Quote word for word the lines starting at the line with "Дорожный пистолет произвольного" and ending at the final line of the entries. Leave out any pictures.

[Stored entries]
╔══

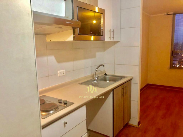 Céntrico y moderno departamento tipo estudio (un ambiente) en venta. A pasos del metro Parque Almagro (L3), Toesca (L2) y Moneda (L1), orientación sur, cercano a universidades y supermercados Tottus y Lider.
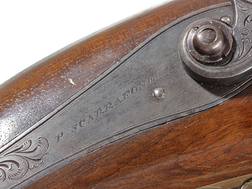 Дорожный пистолет произвольного образца, изготовленный в середине XIХ века в Италии. Ствол пистолета граненый, полированный, вороненый. У основания на верхней грани ствола - позолоченное клеймо мастера "SCARRAFONE". Замок кансюльный, курок и замочная доска украшены гравированным орнаментом На замочной доске выгравирована фамилия мастера: "P. SCARRAFONE". Скоба, а также устье шомпольного входа выполнены из латуни и украшены тонким гравированным орнаментом. Шомпол стальной с позолоченной шляпкой. Рукоять и ложа из орехового дерева, пятка рукояти закрыта латунным основанием с крышкой, имеет пенал для капсюлей. Отличное состояние, замок исправен.
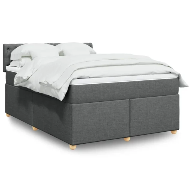 vidaXL Box spring postelja z vzmetnico temno siva 140x200 cm blago
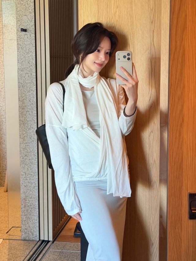 공개된 사진 속 김지영은 화이트 톤 의상을 입은 채 거울 셀카를 남기며 여유로운 분위기를 자아냈다. 특히 임신으로 한층 도드라진 D라인이 눈길을 끌었다.
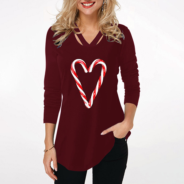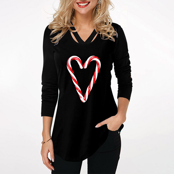 Fashion Heart Printed Long Sleeve V-neck T-shirt
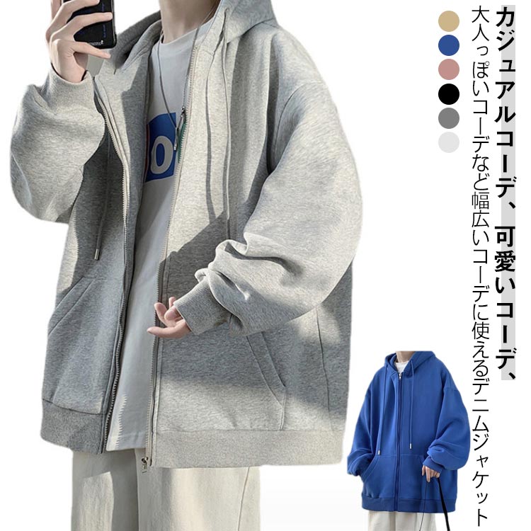 ジップ パーカー メンズ 秋服 オーバー 春服 冬服 レディース パーカー 無地 フード付き ポケット付き

╚══

### RESULT OF THE TASK:
 Дорожный пистолет произвольного образца, изготовленный в середине XIХ века в Италии. Ствол пистолета граненый, полированный, вороненый. У основания на верхней грани ствола - позолоченное клеймо мастера "SCARRAFONE". Замок кансюльный, курок и замочная доска украшены гравированным орнаментом На замочной доске выгравирована фамилия мастера: "P. SCARRAFONE". Скоба, а также устье шомпольного входа выполнены из латуни и украшены тонким гравированным орнаментом. Шомпол стальной с позолоченной шляпкой. Рукоять и ложа из орехового дерева, пятка рукояти закрыта латунным основанием с крышкой, имеет пенал для капсюлей. Отличное состояние, замок исправен.
 vidaXL Box spring postelja z vzmetnico temno siva 140x200 cm blago
 공개된 사진 속 김지영은 화이트 톤 의상을 입은 채 거울 셀카를 남기며 여유로운 분위기를 자아냈다. 특히 임신으로 한층 도드라진 D라인이 눈길을 끌었다.
 Fashion Heart Printed Long Sleeve V-neck T-shirt
 ジップ パーカー メンズ 秋服 オーバー 春服 冬服 レディース パーカー 無地 フード付き ポケット付き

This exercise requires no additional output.